Section "ServerLayout"
  Identifier     "X.org Configured"
  Screen      0  "AMD"
  Inactive "nvidia"
  Option "AllowNVIDIAGPUScreens"
EndSection

Section "Device"
     Identifier "AMD"
     Driver "amdgpu"
     BusID  "PCI:05:0:0"
     Option "DRI" "3"
     Option "TearFree" "true"
EndSection

Section "Screen"
    Identifier "AMD"
    Device "AMD"
EndSection

Section "Device"
    Identifier  "nvidia"
    Driver      "nvidia"
    Option "AllowEmptyInitialConfiguration"
    BusID       "PCI:01:0:0"
EndSection

Section "Screen"
    Identifier "nvidia"
    Device "nvidia"
EndSection

Section "ServerFlags"
    Option "IgnoreABI" "1"
EndSection

Of course, as I already mentioned, I cannot get external HDMI displays working with this mode even though they should, but they do work if you use an Xorg configuration that sets up the Nvidia GPU as the primary display:

Section "ServerLayout"
    Identifier "layout"
    Screen 0 "nvidia"
    Inactive "AMD"
EndSection

Section "Device"
    Identifier  "nvidia"
    Driver      "nvidia"
    BusID       "PCI:01:0:0"
EndSection

Section "Screen"
    Identifier "nvidia"
    Device "nvidia"
EndSection

Section "Device"
    Identifier  "AMD"
    Driver      "amdgpu"
    BusID       "PCI:05:0:0"
    Option "DRI" "3"
    Option "TearFree" "true"
EndSection

Section "Screen"
    Identifier "AMD"
    Device "amdgpu"
EndSection

But changing manually between the two is too cumbersome, for solving that I created two custom scripts that I linked to the desktop (keep in mind they require superuser access to work, I used KDE’s kdesu in the desktop shortcut, you could use pkexec in GNOME since gksu was brilliantly removed with GNOME 3).

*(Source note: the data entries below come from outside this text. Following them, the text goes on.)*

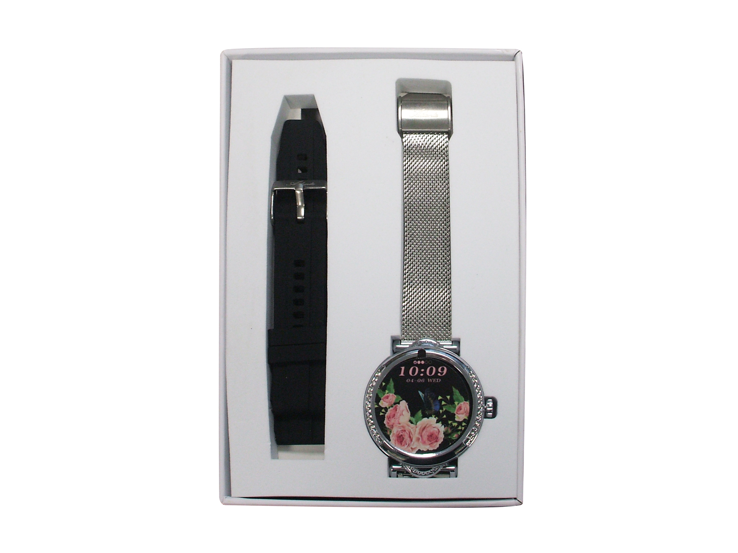 • Lieferumfang: 1 Smartwatch silberfarben, Meshband silber + extra Silikonband schwarz + 1 Ladeclip USB + Bedienungsanleitung
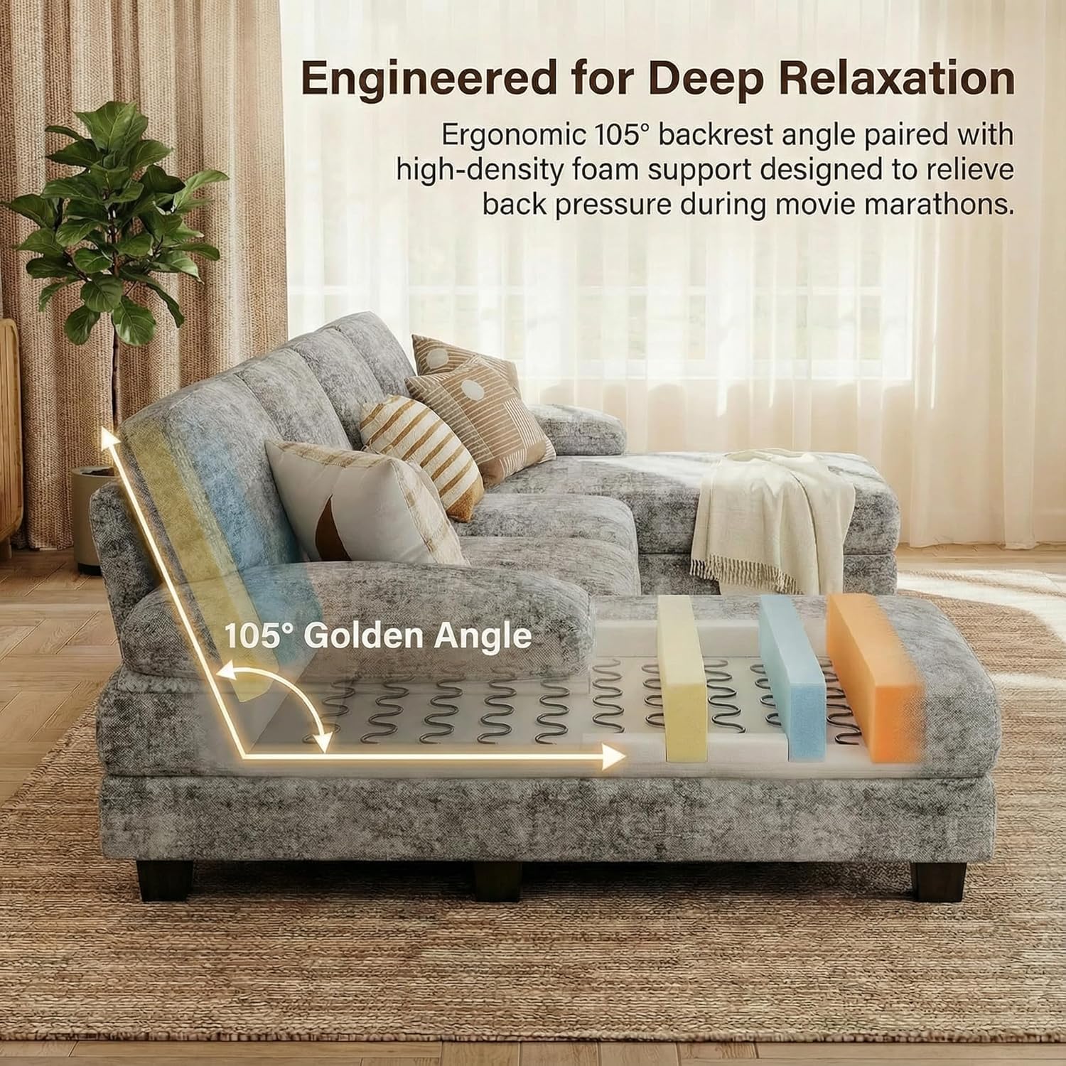 Optimal Dimensions - Our U-shaped sofa couches measures 106"W x 47.8"D x 32.2"H, providing excellent leg support. This ideal size strikes a balance between spacious comfort and compact design, making it suitable for smaller living spaces as well as cozy corners in larger homes.
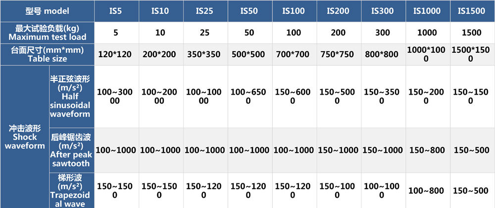 示例:試件質量30kg,尺寸為400×400mm,要滿足100g,11ms的半正弦試驗指標。則根據公式半正弦波:△v=(π/2)AD×10ˉ³=2×1000(m/s²)×11(ms)÷3.14÷1000≈7<12(AIS400最大加載狀態下的速度變化量),故AIS400沖擊臺可以滿足此次試驗要求。

This script for using Hybrid mode:

#!/bin/bash

sudo mv /usr/share/X11/xorg.conf.d/09-optimus-nvidia.conf /usr/share/X11/xorg.conf.d/09-optimus-nvidia.conf.bak
sudo mv /usr/share/X11/xorg.conf.d/09-optimus-hybrid.conf.bak /usr/share/X11/xorg.conf.d/09-optimus-hybrid.conf

And this one for using only the Nvidia GPU (HDMI working):

#!/bin/bash

sudo mv /usr/share/X11/xorg.conf.d/09-optimus-hybrid.conf /usr/share/X11/xorg.conf.d/09-optimus-hybrid.conf.bak
sudo mv /usr/share/X11/xorg.conf.d/09-optimus-nvidia.conf.bak /usr/share/X11/xorg.conf.d/09-optimus-nvidia.conf

After executing those scripts you reboot and you are done.